____ RAW DATA

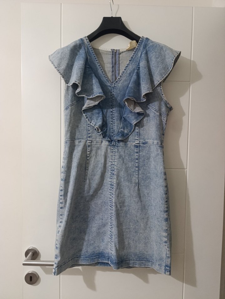 Kolsuz, V yaka, fırfır detaylı mavi ve gri tonlarda batik desenli, vücuda oturan denim elbise. Günlük sokak stili için uygun. 42 beden yazıyor ama ölçülere göre daha küçük bedene uygun bakarak alin.iki koltuk altı arası 45 bel 40 boy 83
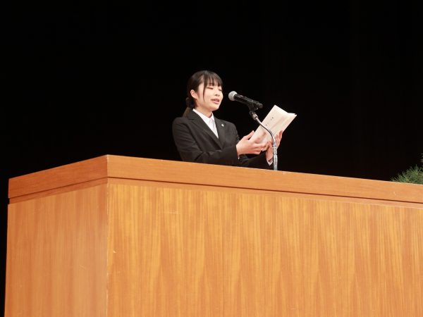 在校生代表の挨拶をしました。
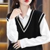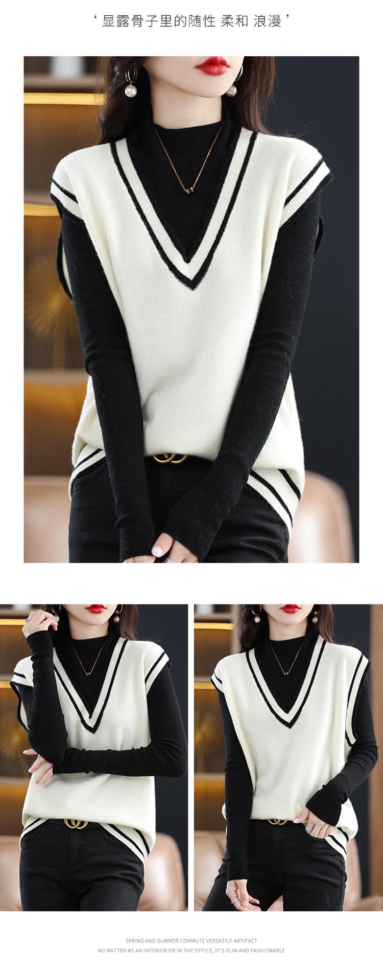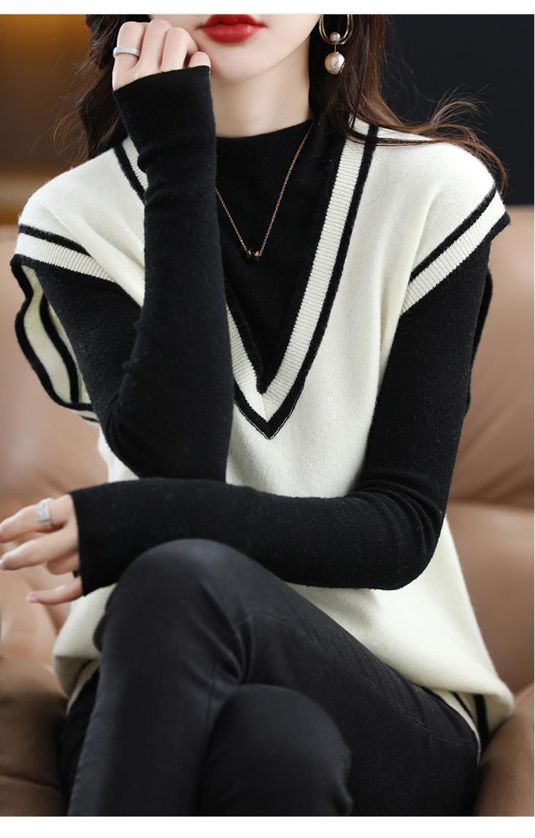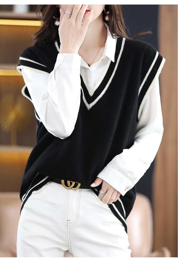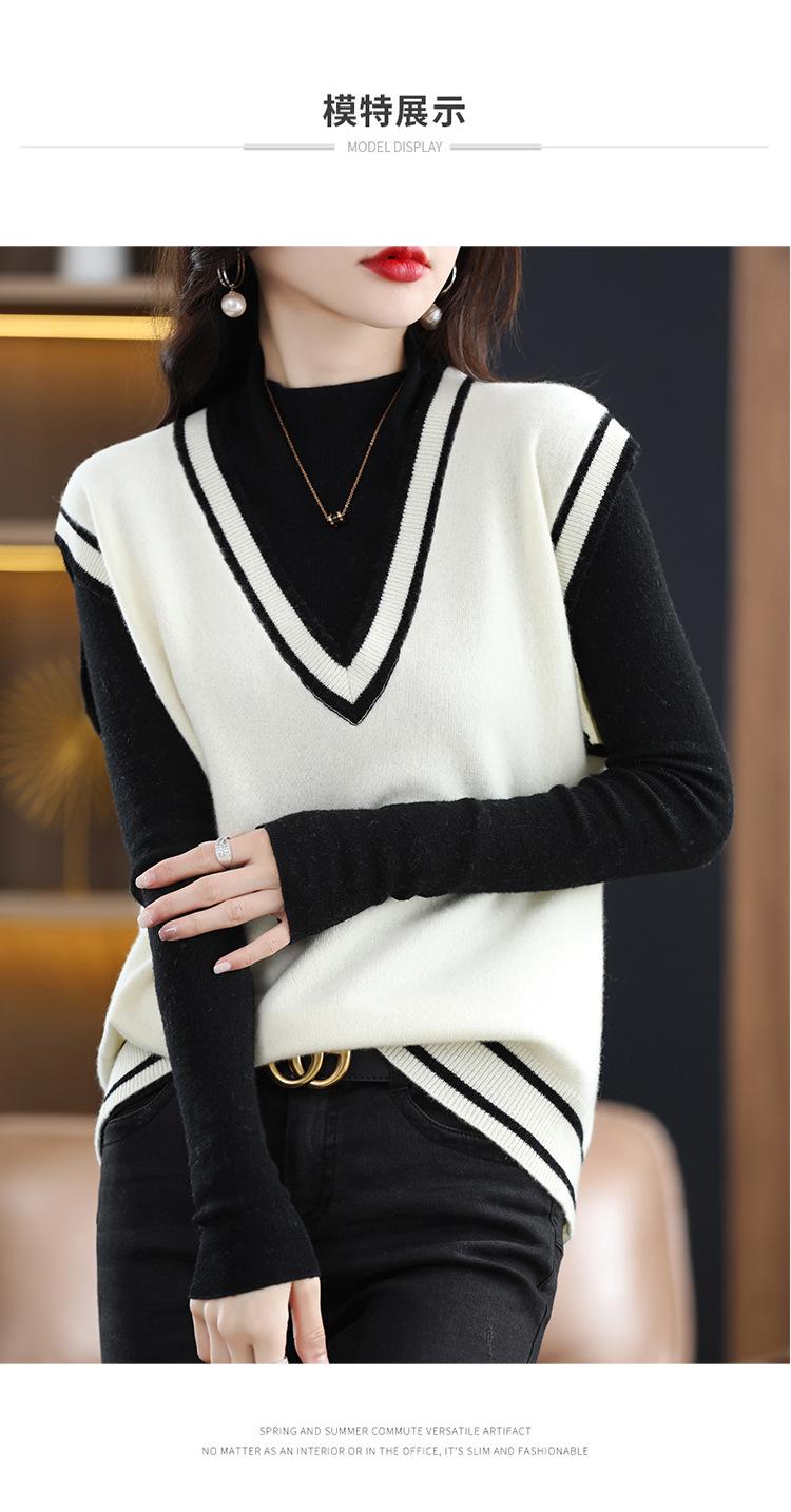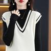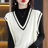 Otoño e Invierno nuevo chaleco de punto con cuello en V a juego de colores suelto casual para ir al trabajo sin mangas apilado lana completa para mujer
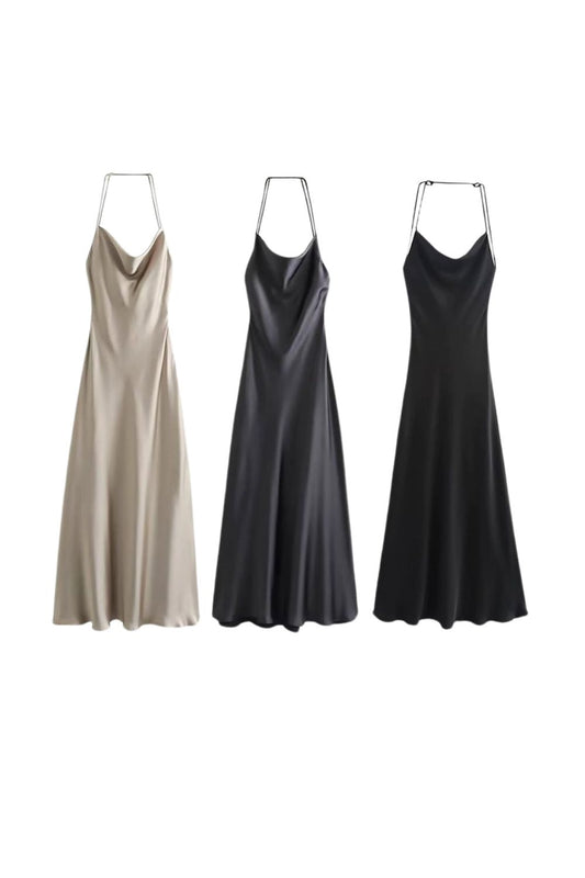 'Ruby' Halter Neck Satin Slip Dress

________

> **YOUR TASK**
Transcribe the whole listing above exactly and leave out the pictures.

> **SOLUTION TO THE EXERCISE**
 Kolsuz, V yaka, fırfır detaylı mavi ve gri tonlarda batik desenli, vücuda oturan denim elbise. Günlük sokak stili için uygun. 42 beden yazıyor ama ölçülere göre daha küçük bedene uygun bakarak alin.iki koltuk altı arası 45 bel 40 boy 83
 在校生代表の挨拶をしました。
 Otoño e Invierno nuevo chaleco de punto con cuello en V a juego de colores suelto casual para ir al trabajo sin mangas apilado lana completa para mujer
 'Ruby' Halter Neck Satin Slip Dress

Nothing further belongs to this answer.